**Directions for this task**
The answer is the exact run of lines in the listing below from the line containing "Из муки, разрыхлителя, какао, сахарной" up to and including the line containing "아파트 한 동 별 평형과", with pictures removed.

**Data for analysis**
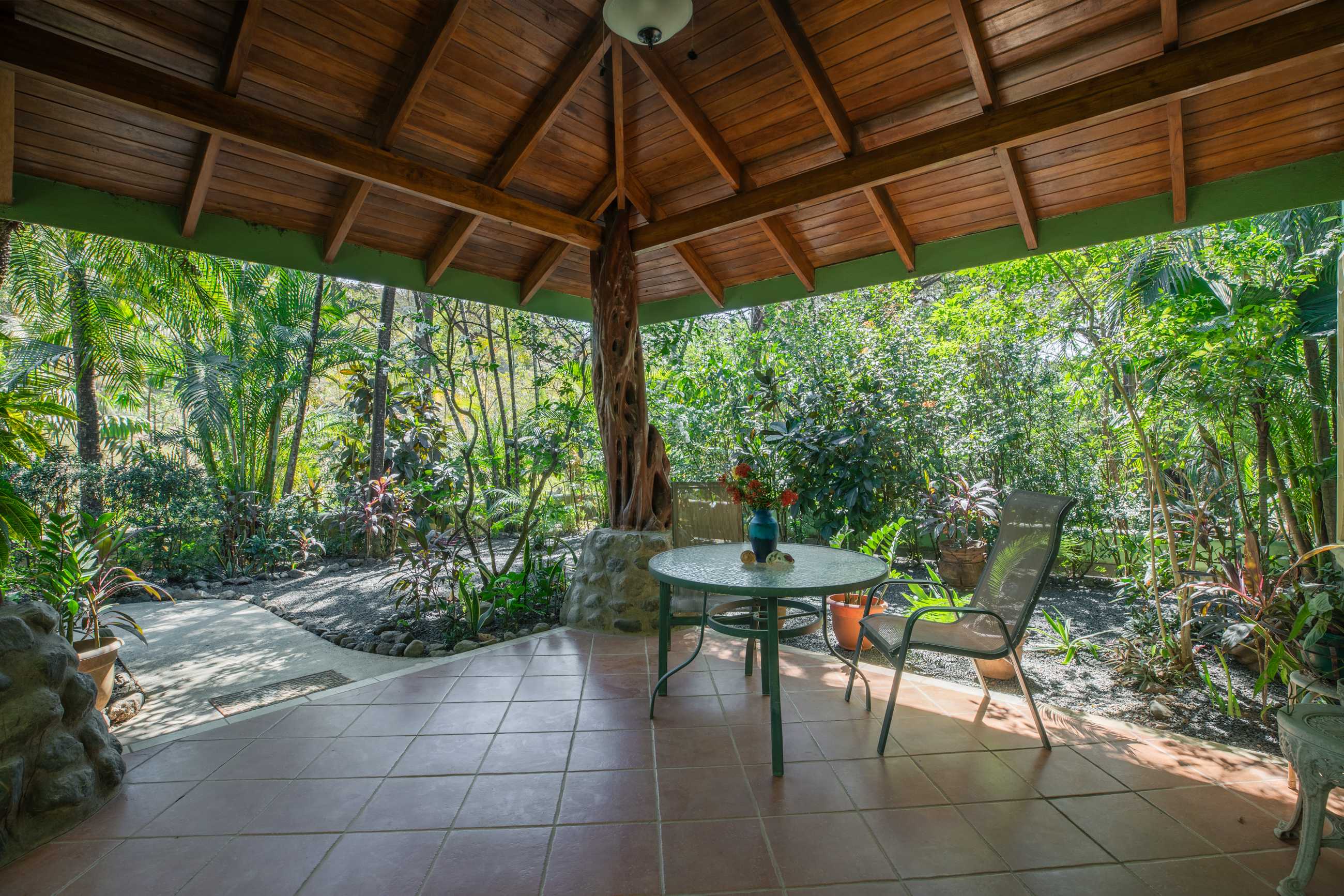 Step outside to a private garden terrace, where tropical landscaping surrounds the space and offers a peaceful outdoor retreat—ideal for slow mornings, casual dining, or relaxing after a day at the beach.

...

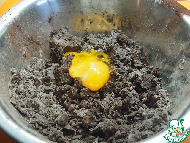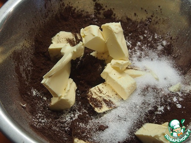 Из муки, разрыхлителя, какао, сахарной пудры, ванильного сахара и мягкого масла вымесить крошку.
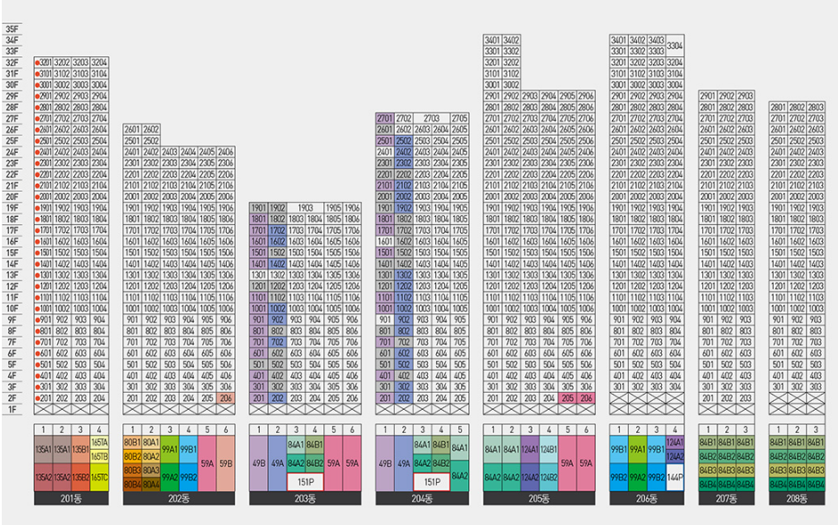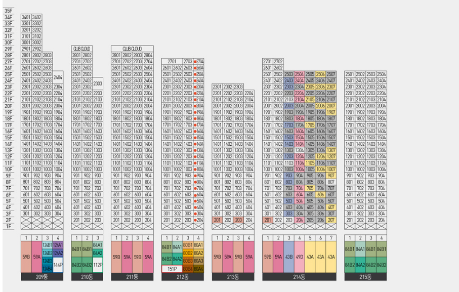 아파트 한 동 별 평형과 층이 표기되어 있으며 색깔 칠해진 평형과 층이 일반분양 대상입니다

**Solution for this exercise**
 Из муки, разрыхлителя, какао, сахарной пудры, ванильного сахара и мягкого масла вымесить крошку.
 아파트 한 동 별 평형과 층이 표기되어 있으며 색깔 칠해진 평형과 층이 일반분양 대상입니다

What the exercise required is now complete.